Dear Little Blog
Don’t worry, I know that I haven’t been here for a little while and that some people are probably thinking that I have dropped off the face of the earth but it is not so. It has been feeling slightly like that though lately with all the changes and things that have been happening and although no one has died, immigrated etc, to me it almost feels that way!
In the past week B, hubby and I have moved house and although most of the people who know me might not know this, but I have a thing about structured chaos! Now you might be thinking “what the hell?” and I can even hear my one bestie Francois saying this but if things are too much out of sync, I get a little wobbly especially if I haven’t got a clue where ¾ of things are. I can handle ¼ J this means that on the weekend this mama plans on unpacking (long story as to why I haven’t) and getting some normality back. I can see that it has been affecting little B too so action plan is to be made.
I also turned 30 and while some say that 30 is the “dirty thirties” I have been having issues with it aka I had the “turning 30 blues”. I still feel 18 and now and then I have to remind myself that I am not! Can one have two mid-life crises? I had one at 24 as I felt my life wasn’t where I wanted it to be on and by the following birthday it was so 25 was a breeze. So I officially had a mini one again! Oh well! I must say that the day itself was very special besides the fact that the wind messed with my well planned party décor and made me a little upset at first but hey, it’s about the people, not the décor and so I picked myself up and carried on. I realised that I have very special people in my life and while they are all different, they all have big spaces in my heart and I love them all dearly! I can’t imagine life without one of them and I thank the Lord everyday for each and every one of them.

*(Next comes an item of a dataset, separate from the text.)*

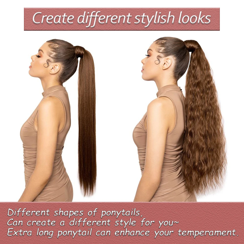 Easy to use: You only need to trim the extensions above the headband to add the ponytail to your real hair. Simply insert the hair clip above the hair clip, wrap the hair with a wide soft weft, and then use the hair clip to fix it when needed.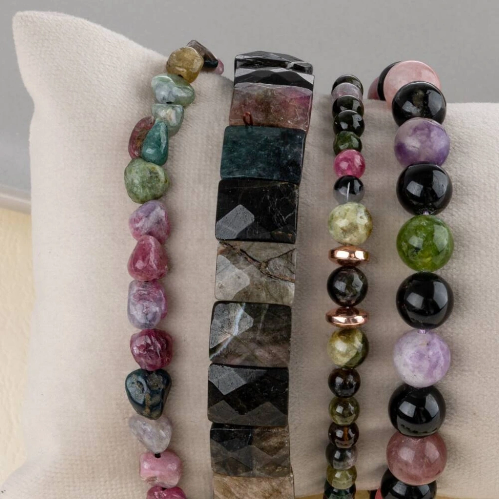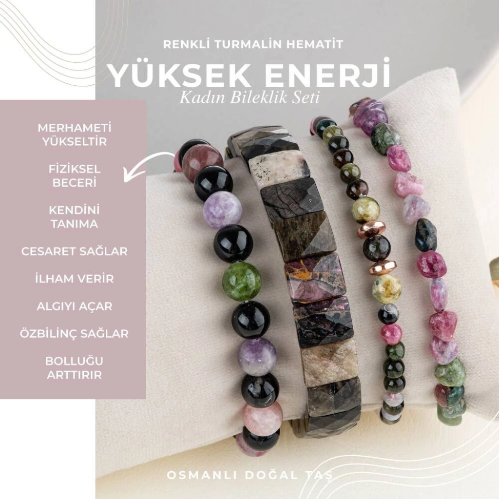 Renkli Turmalin Doğal Taş Kadın Bileklik Seti

The past few days have been full of challenges for me with more change (I need to ease into some things, others I jump in with both feet) and this mama has even worn coloured nail polish for a week! I normally only do clear, pink or French manicure and this week I have been sporting red fingernails! Toenails are not a problem and are always different colours but fingernails are usually as above mentioned so this is another way that I have been embracing change. Things have been blocked by incorrect infomation given and this has been causing panic for me, one person has played mind games with me and hurt me quite badly but I have gotten through it all and while I may still have a scar or two internally, this mama is starting to get back to “normal”. I have made my lists of things to do, starting to climb out of my little hole and I feel almost like a meerkat making sure that the area is clear before darting like a mad thing to the next spot.
So Little Blog, I’m back for good and with all the planning that I have been doing, things should be back to normal in the next few days and you will hear more about what has been happening!
Have you ever had a “mid-life crisis?